Uno tsunami di tristezza le si abbatte contro. Dopo la levataccia, la brioche mangiata con l’imbuto, le beffe degli innumerevoli tuuu tuuu al telefono, la fila, la caccia al parcheggio, il timore recondito di non essere ammessi a bordo, l’escursione salta? Lo conosce, nulla lo tratterrebbe sul battello-Far West. Se l’era giurato, in vacanza solo bellezza, relax e capricci. Invece una melodia strappalacrime le rimbomba nella testa per almeno un quarto d’ora mentre cammina a ritroso sul lungomare.

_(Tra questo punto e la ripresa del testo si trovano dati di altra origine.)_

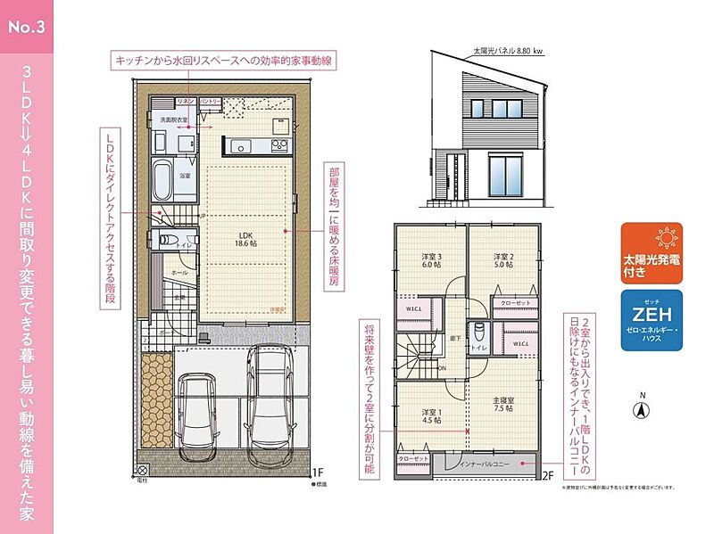 ●家族構成の変化や使い方に合わせて将来的に2部屋に分割することが可能な可変型間取り
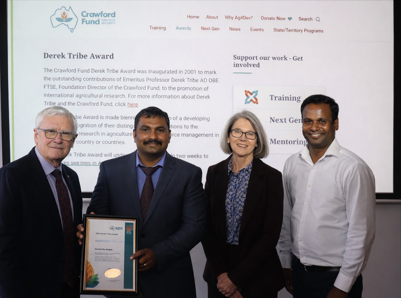 “The Crawford Fund congratulates Dr Govindan on his lasting impact on global food security and natural resource management. We are proud to be highlighting his work with the Derek Tribe Address, his visit, and to further raising awareness of the benefits to Australia and developing countries of agricultural research for food and nutrition security,” said Shaun Coffey, CEO, the Crawford Fund for Food Security.

Con chi ce l’ha di più? Nell’immediato gli organizzatori della traversata le sembravano gli unici imperdonabili colpevoli, ma adesso i suoi compagni di viaggio le fanno altrettanto rabbia. La connessione dati spesso non arrivava alle calette che ha visitato i giorni scorsi, ma è riuscita a dare una scorsa veloce ai titoli di giornale nelle pause di nullafacenza e internet disponibile. Focolai nelle discoteche, gente costretta a prolungare il soggiorno in un villaggio turistico in Sardegna a causa dei contagi. La movida a tutti i costi, senza regole a tutte le età. Quello che hanno visto è illegale? Forse no, ma sull’inopportunità sono d’accordo entrambi. Non erano questi i patti, quando hanno riaperto i cancelli della socialità. Ripartire subito, ma in sicurezza, si era deciso. E nel piccolo? Tenersi cara la normalità in cambio di rinunce, serietà individuale, senso civico.
Mano a mano che gli scorci da Eden mediterraneo si infrangono in mille pezzi nella sua immaginazione, la consapevolezza subentra alla malinconia. Non c’era alternativa se non correre il rischio. Come le mascherine, anche la responsabilità ha un prezzo.